Posted on 30.4.15
I would hazard a guess it’s not often the UK’s employers are seen saluting the European Court of Justice. But today, following the ECJ’s decision in the “Woolworths” case, even if they’re not quite saluting, employers can at least stand at ease. The few remaining trumpeters of pre-election excitement in the employment world can also stand down – the law is going back to how it was. The gist of the ECJ decision is that employers do not have to collectively consult with employees unless they propose 20 or more redundancies on a single site.
When proposing 20 or more redundancies in one establishment, employers have to consult for a minimum period of time (at least 30 days). Failure to do so leads to a punitive “protective award” of up to 90 days’ gross pay per affected employee. It is therefore important for employers to understand their obligations and what an “establishment” actually is. It was long understood that an establishment would (in general) mean an individual site, albeit there were exceptions.

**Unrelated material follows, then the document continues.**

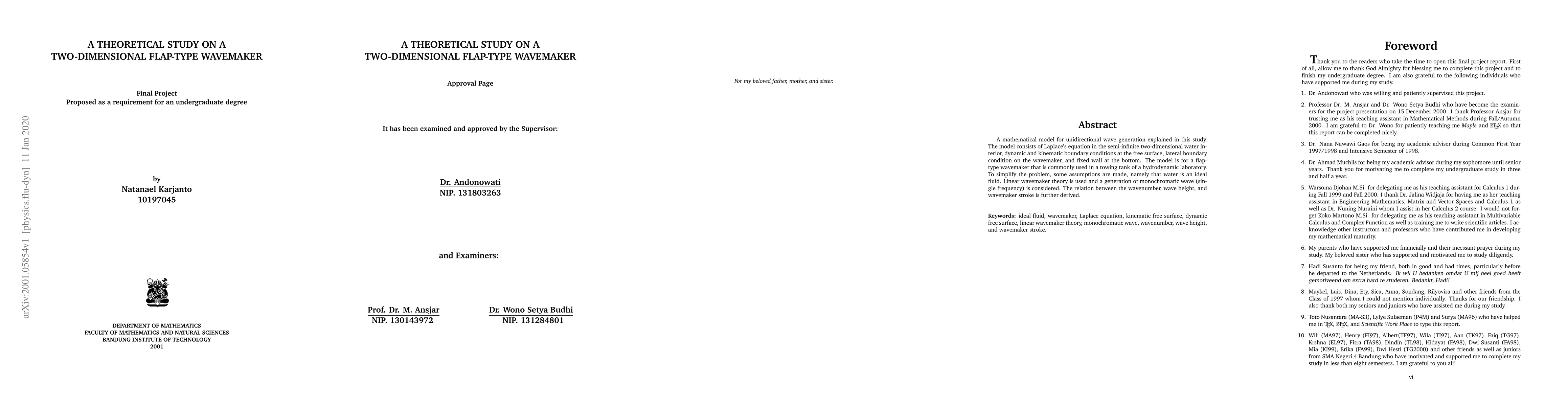 A mathematical model for unidirectional wave generation explained in this study. The model consists of Laplace's equation in the semi-infinite two-dimensional water interior, dynamic and kinematic boundary conditions at the free surface, lateral boundary condition on the wavemaker, and fixed wall at the bottom. The model is for a flap-type wavemaker that is commonly used in a towing tank of a hydrodynamic laboratory. To simplify the problem, some assumptions are made, namely that water is an ideal fluid. Linear wavemaker theory is used and a generation of monochromatic wave (single frequency) is considered. The relation between the wavenumber, wave height, and wavemaker stroke is further derived. -------- Pemodelan secara matematis pembangkitan gelombang arah tunggal disampaikan dalam laporan tugas akhir ini. Pemodelannya mencakup persamaan Laplace dalam kolam air dengan setengah batas tak hingga, syarat batas dinamika dan kinematika, syarat batas lateral di pembangkit gelombang, dan dinding tetap di dasar kolam. Modelnya diterapkan pada pembangkit gelombang (wavemaker) tipe flap yang sering digunakan pada suatu towing tank dalam laboratorium hidrodinamika. Untuk menyederhanakan permasalahan, beberapa asumsi diterapkan, yakni bahwa air adalah fluida yang bersifat ideal. Teori pembangkit gelombang linear digunakan dan tipe gelombang monokromatik (frekuensi tunggal) diamati. Kaitan antara bilangan gelombang, ketinggian gelombang, dan simpangan wavemaker juga akan diturunkan.

The Employment Appeal Tribunal threw that into confusion in 2013 when they held that “establishment” could broadly mean the whole of a retail operation, not just an individual store. It’s easy to see that a large organisation having to collectively consult every time they proposed 20 redundancies across the whole of its operation would be logistically onerous to say the least. And despite the EAT decision, the Department for Business, Innovation and Skills (BIS) maintained in its guidance that they considered establishment to have its pre-EAT meaning, i.e. business as usual. But what were we supposed to advise clients in the meantime? Fortunately, the Court of Appeal referred the case to the ECJ and from the fog we finally have some clarity. We can all go back to where we were.